Remove bf16 support and simplify tensor casting

Drop bfloat16 detection and runtime BF16 paths: remove get_bf16_support_map and the bf16_support_map field, eliminate use_bf16 parameters from zeropower_via_newtonschulz5, gram_newton_schulz and mud_whiten, and stop passing use_bf16 from Muon.step. Simplify tensor casts to explicit float32/float16 usage and clean up related conditional logic. This streamlines the orthogonalization codepaths and avoids BF16-specific code (e.g. triangular_solve_cuda incompatibilities).

Author: KakaruHayate

modules/optimizer/muon.py

@@ -52,25 +52,7 @@
 ]
 
 
-def get_bf16_support_map():
-    bf16_support_map = {}
-
-    if not torch.cuda.is_available():
-        return bf16_support_map
-
-    device_count = torch.cuda.device_count()
-    if device_count == 0:
-        return bf16_support_map
-
-    for i in range(device_count):
-        device = torch.device(f'cuda:{i}')       
-        major, minor = torch.cuda.get_device_capability(device)
-        bf16_support_map[device] = (major >= 8)
-        
-    return bf16_support_map
-    
-    
-def zeropower_via_newtonschulz5(G: Tensor, steps: int, use_bf16: bool, ns_coefficients: List[tuple]) -> Tensor:
+def zeropower_via_newtonschulz5(G: Tensor, steps: int, ns_coefficients: List[tuple]) -> Tensor:
     """
     Newton-Schulz iteration to compute the zeroth power / orthogonalization of G. We opt to use a
     quintic iteration whose coefficients are selected to maximize the slope at zero. For the purpose
@@ -82,7 +64,7 @@ def zeropower_via_newtonschulz5(G: Tensor, steps: int, use_bf16: bool, ns_coeffi
     """
     assert G.ndim == 3 # batched Muon implementation by @scottjmaddox, and put into practice in the record by @YouJiacheng
 
-    X = G.to(dtype = torch.bfloat16 if use_bf16 else torch.float32)

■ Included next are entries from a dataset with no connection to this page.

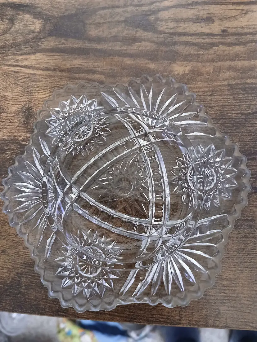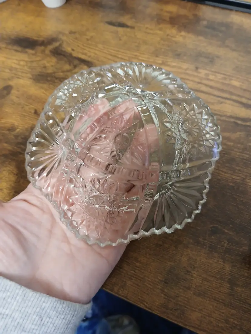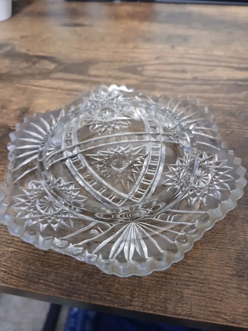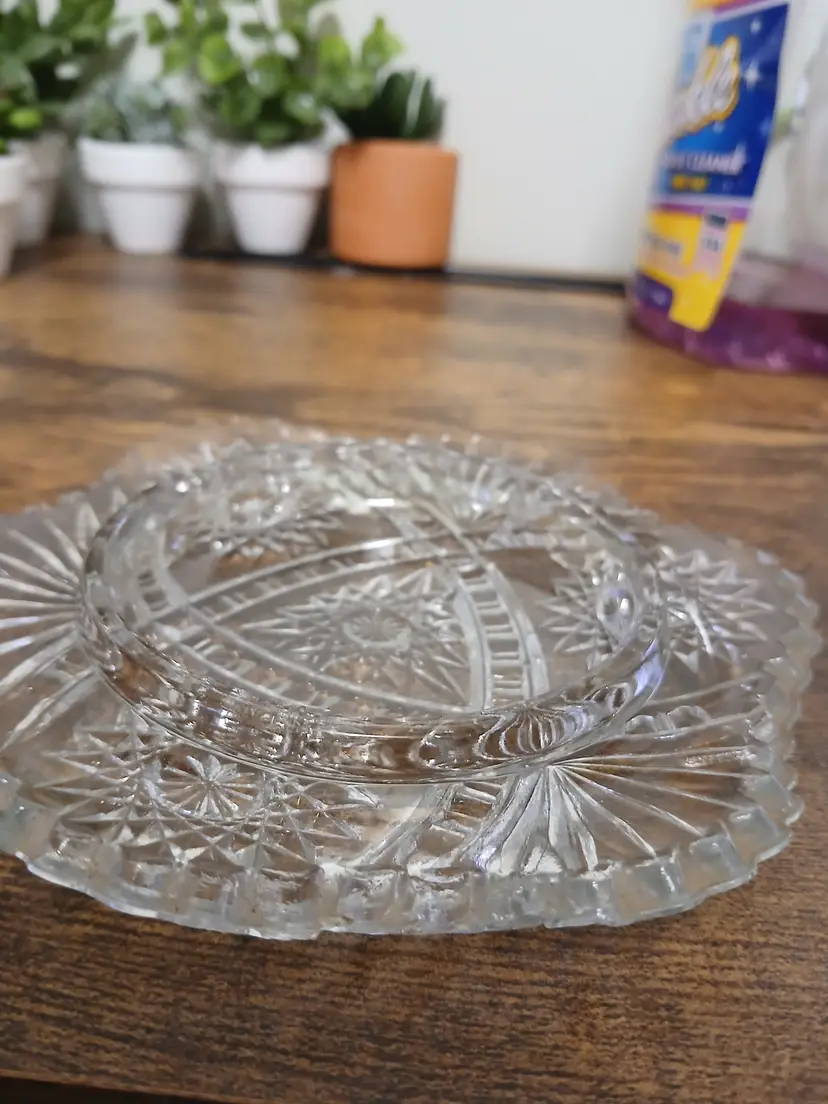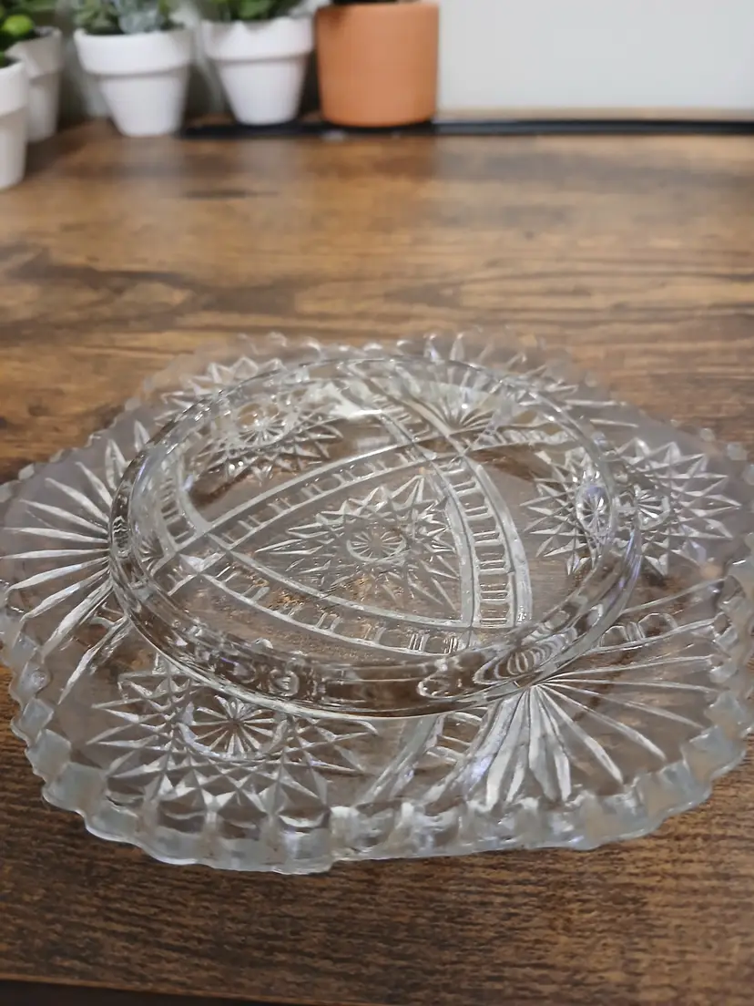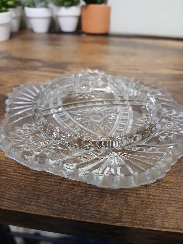 Add a touch of vintage charm to your table with this starburst-patterned glass candle plate. Perfect for showcasing your candle. Approximately 5 1/2 inches in diameter.
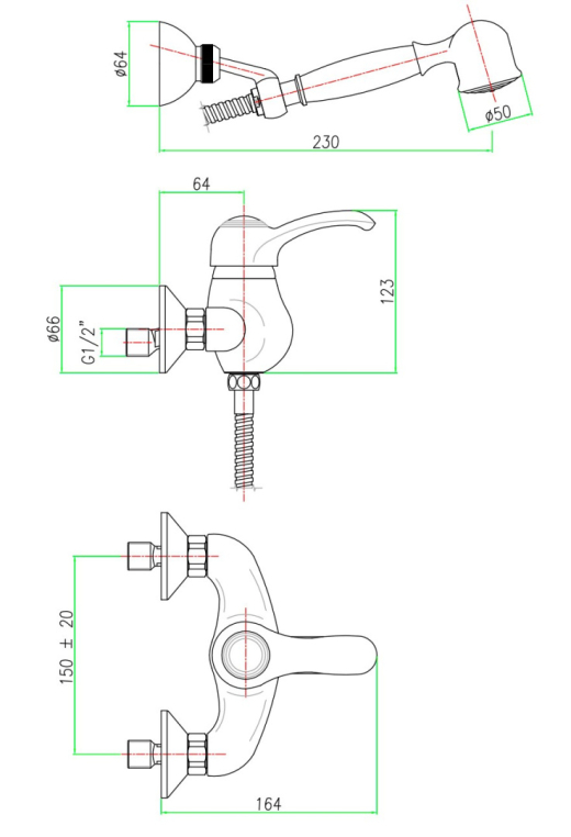 Смеситель для душа Webert Armony AU870101017, хром-золото
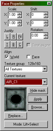 The Mark button allows you to mark (select) all texture faces that contain the selected texture. You can then adjust those faces as required (textures, surface attributes, etc). This is best used in conjunction with the Face Properties dialog. If the normal Apply Textures map tool is used, any brush with one face selected will have the new texture applied to every face of the brush.

+    X = G.to(torch.float32)
 
     # Ensure spectral norm is at most 1
     X = F.normalize(X, p=2.0, dim=(-2, -1), eps=1e-7)
@@ -105,7 +87,7 @@ def zeropower_via_newtonschulz5(G: Tensor, steps: int, use_bf16: bool, ns_coeffi
     return X
 
 
-def gram_newton_schulz(G: Tensor, steps: int, use_bf16: bool, reset_iterations: List[int], ns_coefficients: List[tuple]) -> Tensor:
+def gram_newton_schulz(G: Tensor, steps: int, reset_iterations: List[int], ns_coefficients: List[tuple]) -> Tensor:
     """
     Gram Newton-Schulz iteration to compute the orthogonalization of G.

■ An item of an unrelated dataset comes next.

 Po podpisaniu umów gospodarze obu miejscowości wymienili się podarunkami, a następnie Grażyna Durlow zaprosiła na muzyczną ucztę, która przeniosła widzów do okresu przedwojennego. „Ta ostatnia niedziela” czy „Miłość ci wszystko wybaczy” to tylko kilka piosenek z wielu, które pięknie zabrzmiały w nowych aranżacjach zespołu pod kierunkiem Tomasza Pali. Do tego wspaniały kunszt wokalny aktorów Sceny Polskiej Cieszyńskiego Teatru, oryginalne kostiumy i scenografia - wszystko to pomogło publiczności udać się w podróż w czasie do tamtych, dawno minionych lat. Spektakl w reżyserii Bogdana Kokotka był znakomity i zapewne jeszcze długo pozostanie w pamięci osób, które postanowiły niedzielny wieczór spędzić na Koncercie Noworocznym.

     Mathematically identical to standard Newton-Schulz but computes iterating 
@@ -124,8 +106,8 @@ def gram_newton_schulz(G: Tensor, steps: int, use_bf16: bool, reset_iterations:
     if should_transpose:
         X = X.mT
 
+    X = X.to(torch.float16)
     if X.size(-2) != X.size(-1):
-        X = X.to(torch.float16)
         R = torch.bmm(X, X.mT)
         Q = None
 
@@ -150,7 +132,6 @@ def gram_newton_schulz(G: Tensor, steps: int, use_bf16: bool, reset_iterations:
         X = torch.bmm(Q, X) if not should_transpose else torch.bmm(X.mT, Q)
 
     else:
-        X = X.to(dtype = torch.bfloat16 if use_bf16 else torch.float32)

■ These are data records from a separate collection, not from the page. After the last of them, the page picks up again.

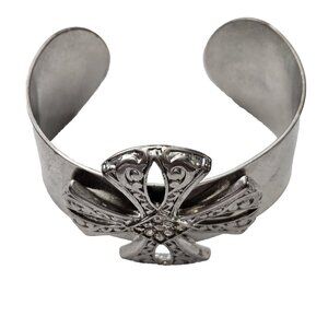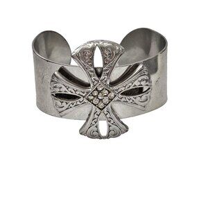 Maltese Cross Silver Rhinestone Tone Cuff Bracelet
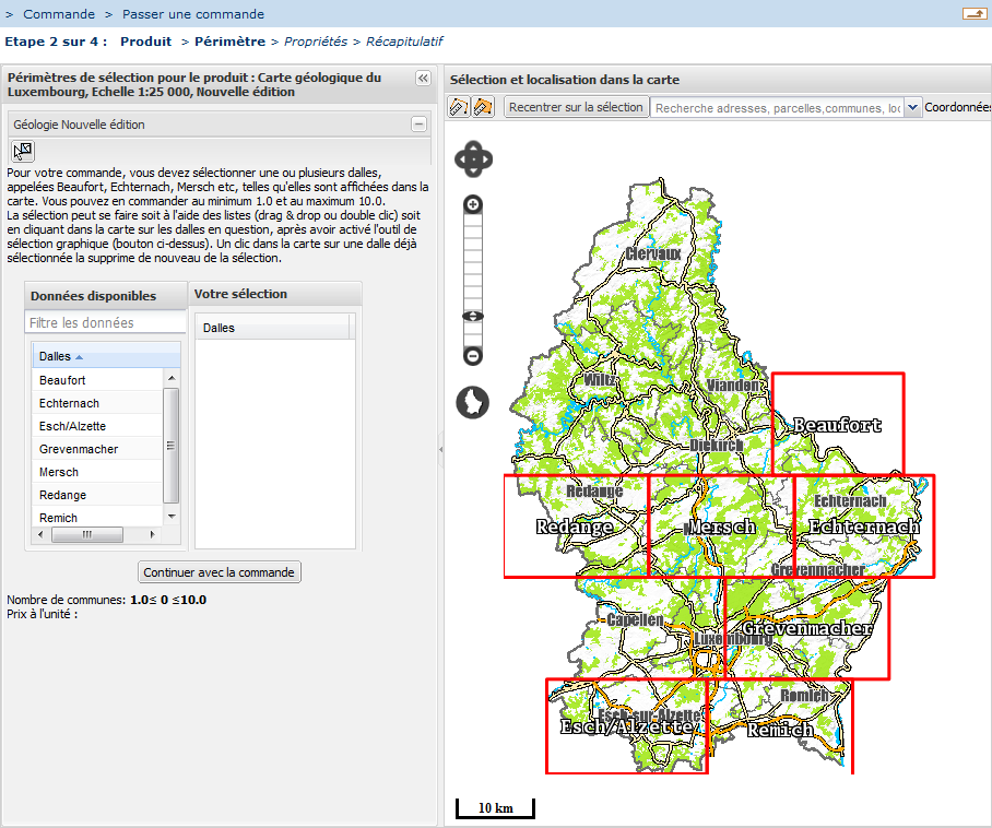 Comme on peut le voir, la carte est déjà divisée en plusieurs dalles que vous pouvez ajouter ou retirer de votre sélection.
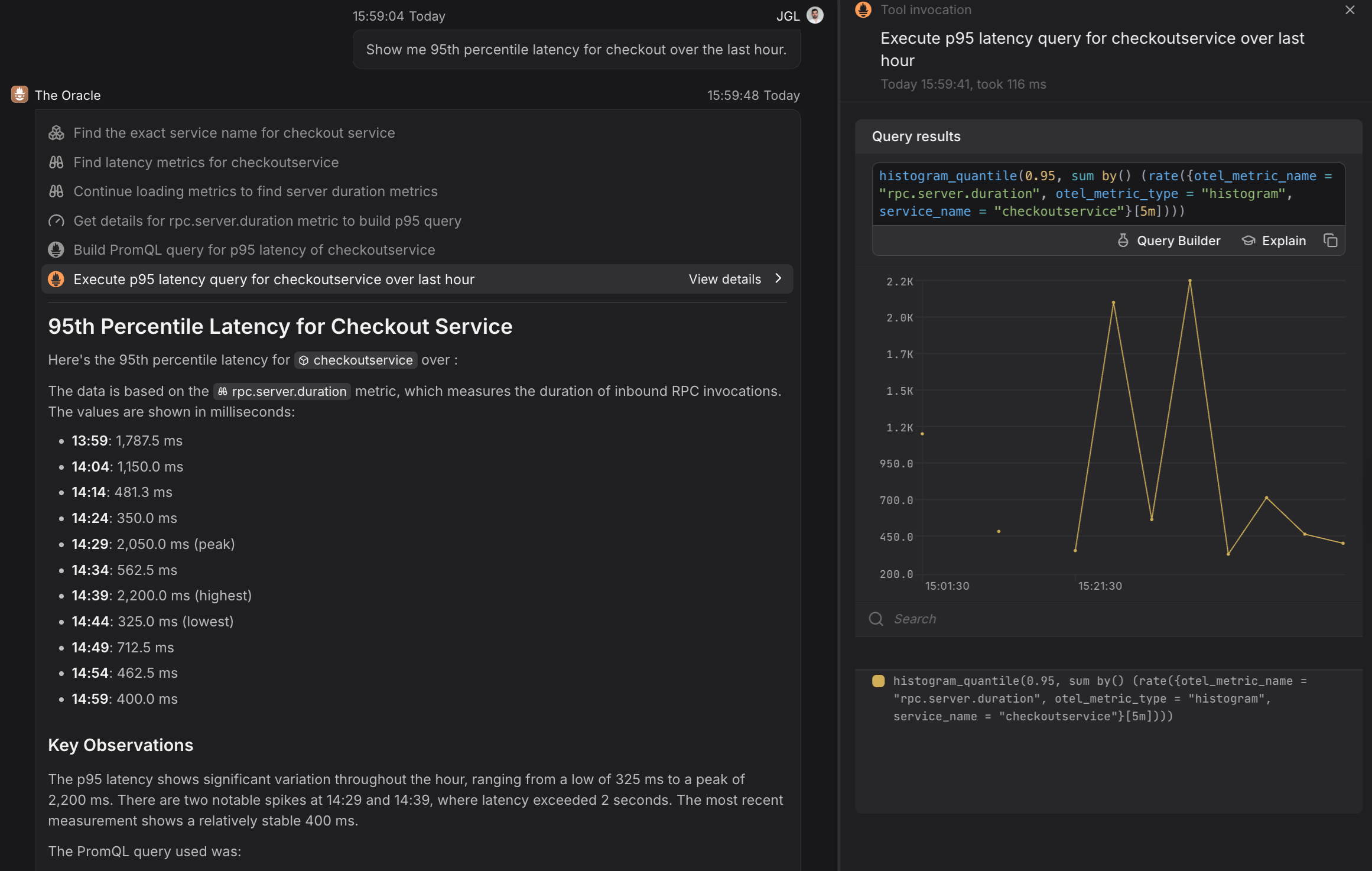 An engineer types: “Show me 95th percentile latency for checkout over the last hour.” The Oracle instantly generates the correct PromQL, explains what it does, and shows the resulting graph — no syntax errors, no guesswork.
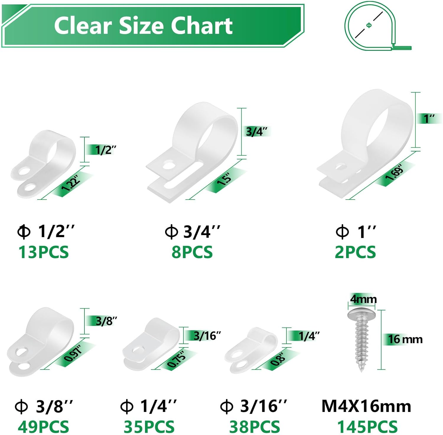 - 【Best Combination Set】 – There are a total of 145 pieces nylon R-type cable clamp in 6 sizes: 3/16’’ 1/4’’ 3/8’’ 1/2’’ 3/4’’ 1’’. These sizes contain almost the 6 most commonly used sizes in our life, such as TV cords, routing cables, snowmobile wires, LAN cables, Ethernet cable, computer and electrical power cables , desk wall cables.
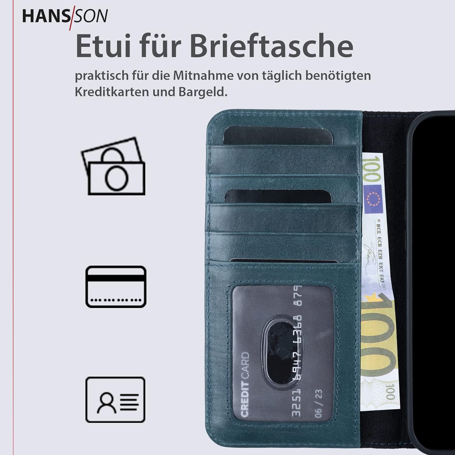 HANS/SON Hülle aus Echtleder mit Kartenfächern in Petrol | Blaue iPhone 13 Pro Max Klapphülle | Geld
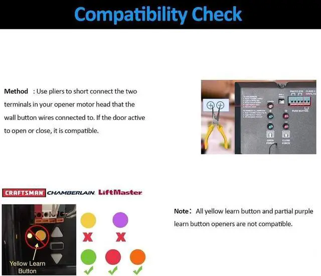 EASY INSTALLATION WITH WIDE COMPATIBILITY,Huacaoe Garage Door Opener can compatible with most major garage door openers, please Test Compatibility Before Order: Take a wire with both ends stripped or a straightened-out paper clip and put each end to the same terminals as the wall button wires are terminated to. By doing so, if your door activates, then your garage door opener is compatible with by default. If the door does not activate, then the opener is not compatible by default.
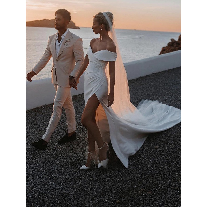 Sheath/Column Crepe Ruched Off-the-Shoulder Sleeveless Chapel Train Wedding Dresses
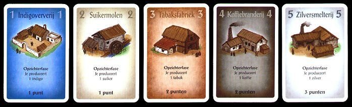 De gebouwen die de spelers bouwen leveren niet alleen winstpunten op, maar beïnvloeden ook het spel. Allereerst zijn er 5 verschillende productiegebouwen. Dit zijn tevens de enige gebouwen waarvan de spelers er meer mogen bouwen. Er zijn 5 soorten goederen, die verschillende waardes hebben bij het handelshuis. Hoe duurder het productiegebouw hoe groter in het algemeen de opbrengst bij verkoop.

         for i, (a_i, b_i, c_i) in enumerate(ns_coefficients):
             A = torch.bmm(X, X.mT)
             B = torch.baddbmm(A, A, A, beta=b_i, alpha=c_i)
@@ -159,7 +140,7 @@ def gram_newton_schulz(G: Tensor, steps: int, use_bf16: bool, reset_iterations:
     return X.to(dtype).view(original_shape)
 
 
-def mud_whiten(G: Tensor, passes: int = 1, use_bf16: bool = False) -> Tensor:
+def mud_whiten(G: Tensor, passes: int = 1) -> Tensor:
     """
     MomentUm Decorrelation (MUD) iteration to compute the orthogonalization of G.
     A lightweight PyTorch implementation based on "Beyond Muon: MUD for Faster Transformer Training".
@@ -168,7 +149,6 @@ def mud_whiten(G: Tensor, passes: int = 1, use_bf16: bool = False) -> Tensor:
     assert G.ndim == 3
     dtype = G.dtype
 
-    # X = X.to(dtype = torch.bfloat16 if use_bf16 else torch.float32)
     # "triangular_solve_cuda" not implemented for 'BFloat16'
     X = G.to(torch.float32)
 
@@ -241,7 +221,6 @@ def __init__(self, params, lr=5e-4, weight_decay=0.1, momentum=0.95, nesterov=Tr
             method=method
         )
         super().__init__(params, defaults)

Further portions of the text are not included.